- **EXERCISE DESCRIPTION**: Scan the records below for the line with "On a turn, choose" and the line with "ger extra säkerhet.". Repeat those two lines and every line between them exactly, and nothing else.

- **SOURCE MATERIAL**:
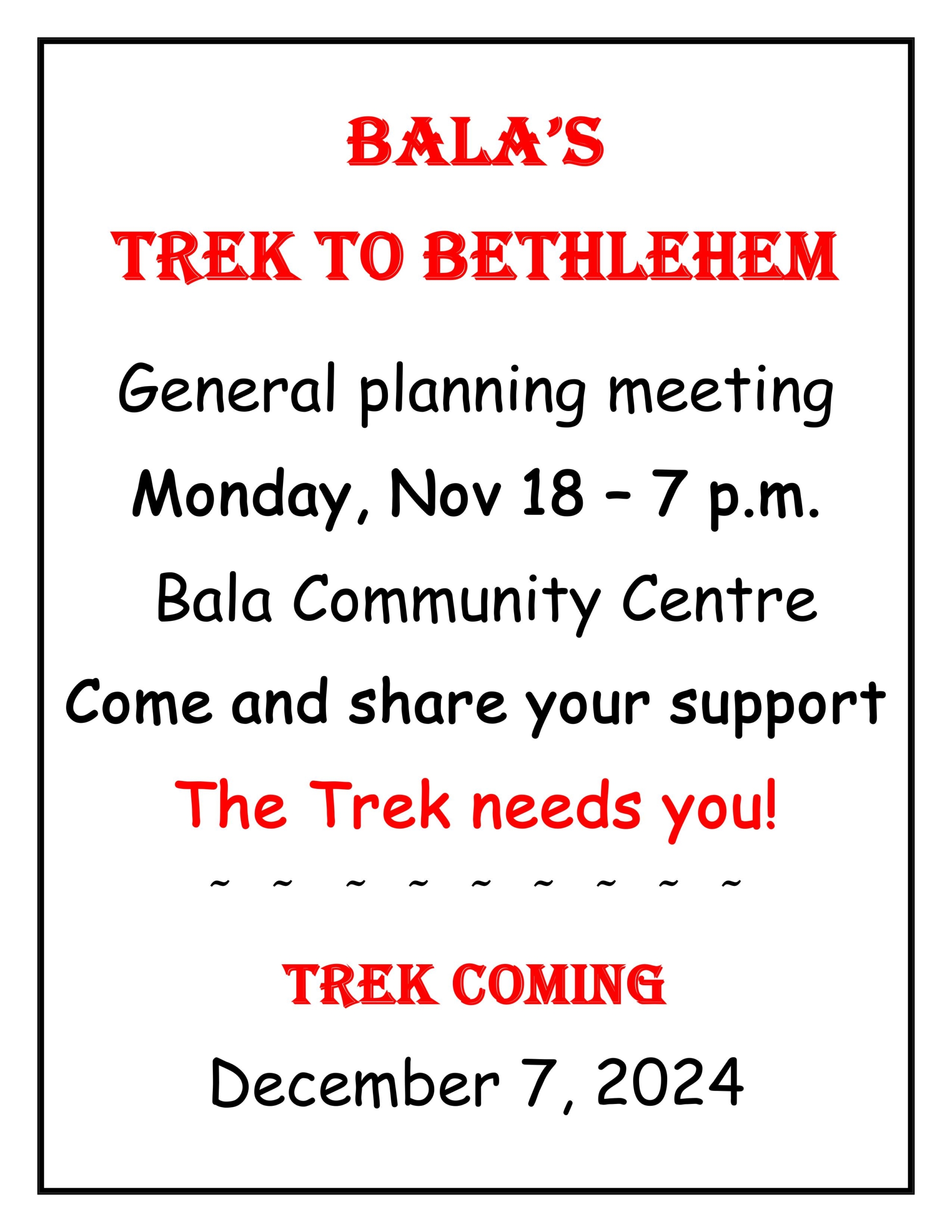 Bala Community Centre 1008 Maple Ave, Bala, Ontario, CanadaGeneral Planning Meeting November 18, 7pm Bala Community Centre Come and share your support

---

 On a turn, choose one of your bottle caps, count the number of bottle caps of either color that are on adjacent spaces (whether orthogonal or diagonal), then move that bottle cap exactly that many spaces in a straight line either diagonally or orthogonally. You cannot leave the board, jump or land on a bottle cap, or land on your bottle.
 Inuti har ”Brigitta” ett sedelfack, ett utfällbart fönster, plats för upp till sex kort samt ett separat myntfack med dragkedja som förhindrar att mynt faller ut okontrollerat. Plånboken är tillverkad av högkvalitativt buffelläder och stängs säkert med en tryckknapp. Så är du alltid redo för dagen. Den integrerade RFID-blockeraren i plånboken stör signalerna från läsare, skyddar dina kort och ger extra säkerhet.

- **ANSWER SECTION**:
 On a turn, choose one of your bottle caps, count the number of bottle caps of either color that are on adjacent spaces (whether orthogonal or diagonal), then move that bottle cap exactly that many spaces in a straight line either diagonally or orthogonally. You cannot leave the board, jump or land on a bottle cap, or land on your bottle.
 Inuti har ”Brigitta” ett sedelfack, ett utfällbart fönster, plats för upp till sex kort samt ett separat myntfack med dragkedja som förhindrar att mynt faller ut okontrollerat. Plånboken är tillverkad av högkvalitativt buffelläder och stängs säkert med en tryckknapp. Så är du alltid redo för dagen. Den integrerade RFID-blockeraren i plånboken stör signalerna från läsare, skyddar dina kort och ger extra säkerhet.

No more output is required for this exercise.